People who were in the self-selected hypnotic group were significantly more likely to carry diagnoses of asthma, cerebrovascular disease, cardiovascular disease, diabetes, heart failure, hypertension, obesity, and reflux. The prevalence of most of these problems was essentially doubled in the hypnotic group, compared to controls.

 To this point, I’ll only make the observation that all of the above-mentioned problems are known to co-migrate with Sleep Apnea, the existence of which was never assessed in either group. This is also a good time to point out that one of the most common symptoms of Sleep Apnea is…you guessed it!...insomnia.

In middle aged women, it happens to be the most common symptom of all.

Large study groups are great, but even a huge retrospective database like Kripke’s doesn’t overcome the logical limitation that the groups were different from the start. The group exposed to sleeping pills was self-selected, and objectively sicker than the group who didn’t seek and obtain hypnotics.

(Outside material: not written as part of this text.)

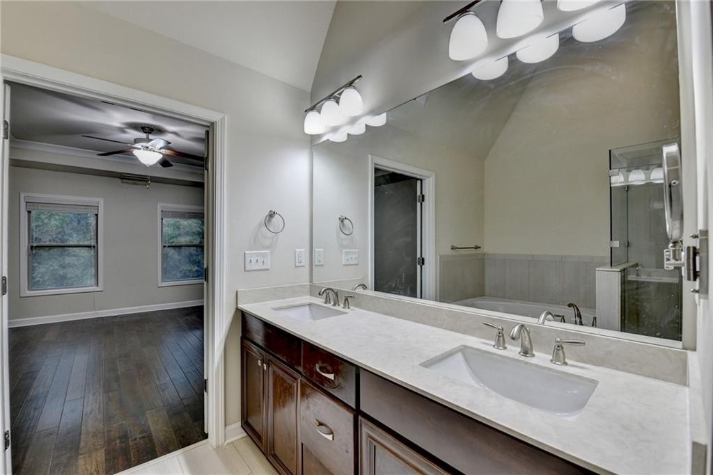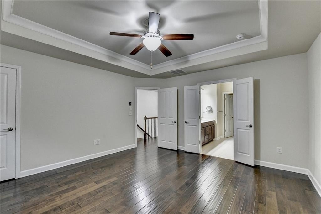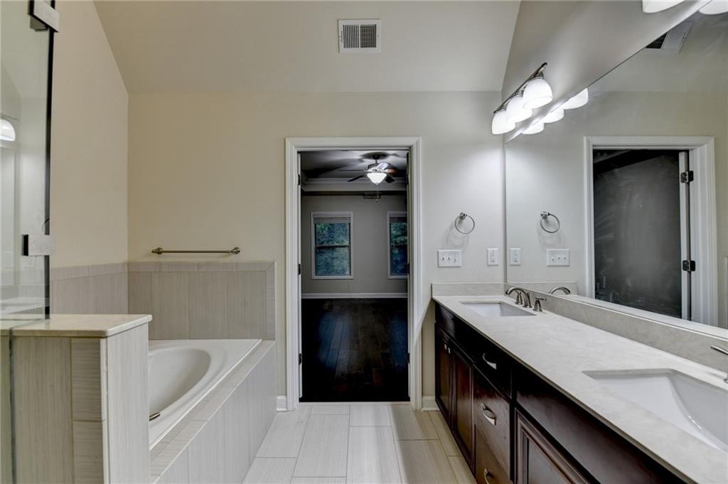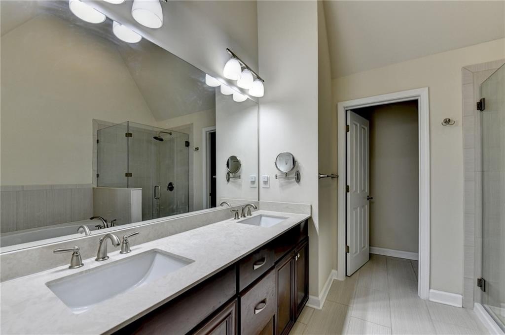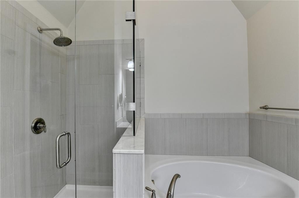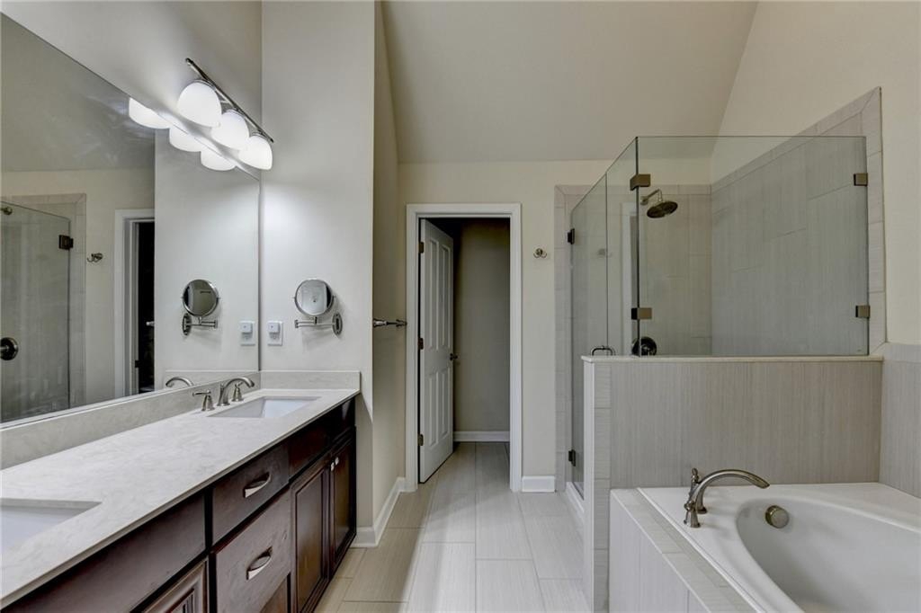 Upstairs, the luxurious owner's suite impresses with a trey ceiling, large walk-in closet, and spa-inspired bath featuring dual vanities, a frameless glass shower, soaking tub, and vaulted ceilings.

Given their comorbidities, odds are, more undiagnosed Sleep Apnea was present in the hypnotic group, a condition which has been shown in two large Population-Based Prospective Observational Cohort studies (Sleep Heart Health Study, Wisconsin Sleep Cohort) to have a likely causal association with cancer. In light of the above, I believe the following conclusion is more in keeping with what we know and what we don’t know.

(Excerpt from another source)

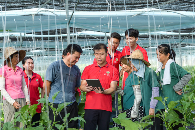 田间地头话政策。产业振兴是乡村振兴的重中之重。沂江乡东湖村作为市级乡村振兴示范村,其大棚蔬菜基地远近闻名。为深入了解该村产业发展情况,营队走进蔬菜大棚,听取基地负责人介绍产业规模、种植结构、产品销路等情况。队员朱伟在田间地头为大家讲解党的二十大报告关于农业农村工作的重要部署、2023年中央一号文件等精神,鼓励大家稳住面积、主攻单产、力争多产,为抓紧抓好粮食和重要农产品稳产保供贡献力量,把中国人的饭碗牢牢端在自己手里。

Say it loud, and say it proud:

Amongst an underserved rural population who have limited access to specialty services and who historically don’t come in for preventative care (only for complaints), those who complain about their sleep satisfaction enough to receive sleeping pills from their providers are more likely to be medically sick, and are more likely to die of cancer in the next four years. The ones who needed pills more frequently had the worst overall prognosis.

There. That felt good.

Sleeping pills can be dangerous, folks. Don’t misinterpret my comments to be a ringing universal endorsement to take medication.

But, for Pete’s sake!

Please don’t tell people they cause cancer.

The science is not there yet.

I’ll close with this: it’s OK to love this book. Just put a sticker on the front to remind you to be empowered.

Recommended Reading

(1) Kripke DF, Langer RD, Kline LE. Hypnotics Association with Mortality or Cancer: A Matched Cohort Study. BMJ Open 2, no. 1 (2012): e00850. The fateful paper itself.

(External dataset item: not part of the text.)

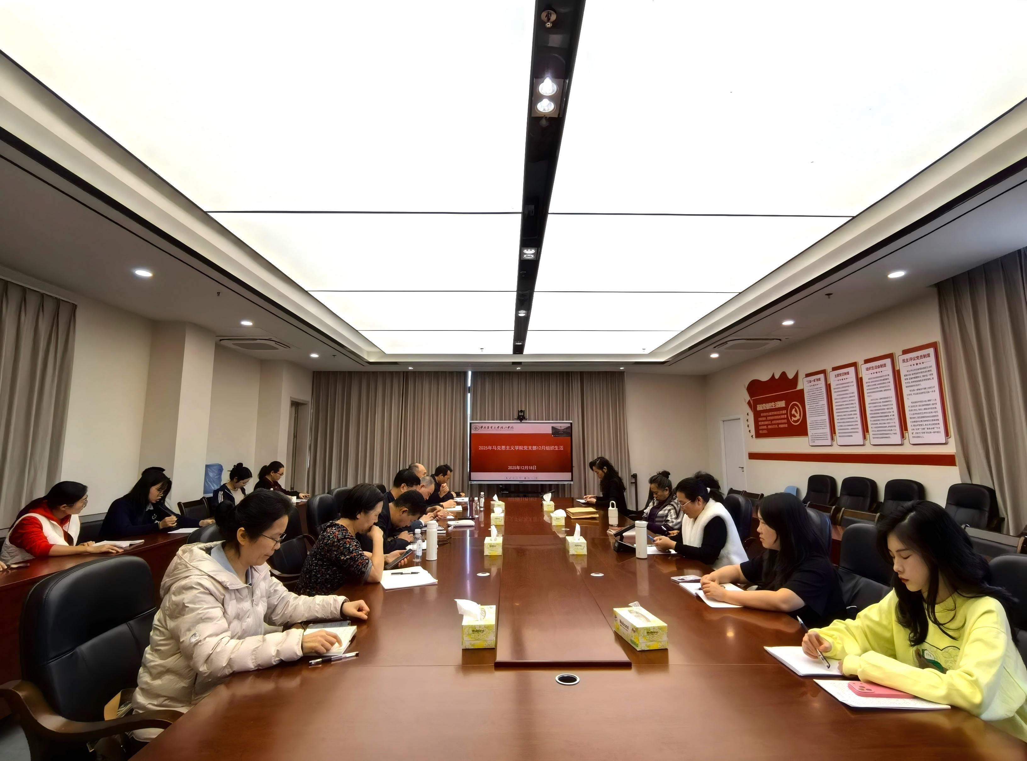 为进一步加强党员政治理论学习,强化理论武装,筑牢思想根基,12月18日下午,马克思主义学院党支部在1-401会议室组织开展12月份组织生活,就“学习贯彻党的二十届四中全会精神”;“学习习近平总书记在广东考察时的重要讲话精神”;“学习习近平总书记重要文章《推进党的自我革命要做到‘五个进一步到位’》”;“《习近平谈治国理政》第五卷”;“《习近平经济思想概论》”等内容开展学习。常驻四会校区的7名党员教师同步通过线上参会。许祝书记主持本次会议,全体党员教师参加会议。

(2) Brandt J, Leong C. Benzodiazepines and Z drugs: An Updated Review of Major Adverse Outcomes Reported in Epidemiologic Research. Drugs R D (2017) 17: 493-507. This is a sane and well-written paper that explains everything I just talked about, just in more academic prose.

___________________________________

ADDENDUM 16 JUNE 2022

I’ve never written an addendum to an essay in my life. Essays can be revised, but I only think about addendums for office notes.

The reason for my habit change is this: the author of my frenemy wrote me a letter!

A really beautiful and thoughtful letter. An unusually kind letter.

That kind of thing justifies an Addendum.

In his letter, Dr. Walker explained that he is no longer amplifying the message in Kripke’s paper, for precisely the reasons described above, and because he had picked up on the signal of how triggering that message can be.

I mean. You had me at hello.

I previously mentioned that there was one sentence that turned a magnificent book into my frenemy. You recall how I mentioned it was only part of a sentence?

Well, it’s time for the big reveal. The first part of the sentence was this: “But,”

The sentence that started the paragraph before that one? “Do these findings prove that sleeping pills cause cancer? No. Absolutely not”,

I left that part out of my essay before, not to be misleading, but because it seemed like nobody ever remembered that it was in there. The only part anybody remembered was the cancer and the death.

So, I’m glad Dr. Walker reminded me of the amount of thought he put into writing that sentence, hoping that it would allow a balanced read. It brings me joy that I can put the book down, and remember that sentence more clearly.

As for my frenemy?

Perhaps this is the beginning of a beautiful friendship, after all.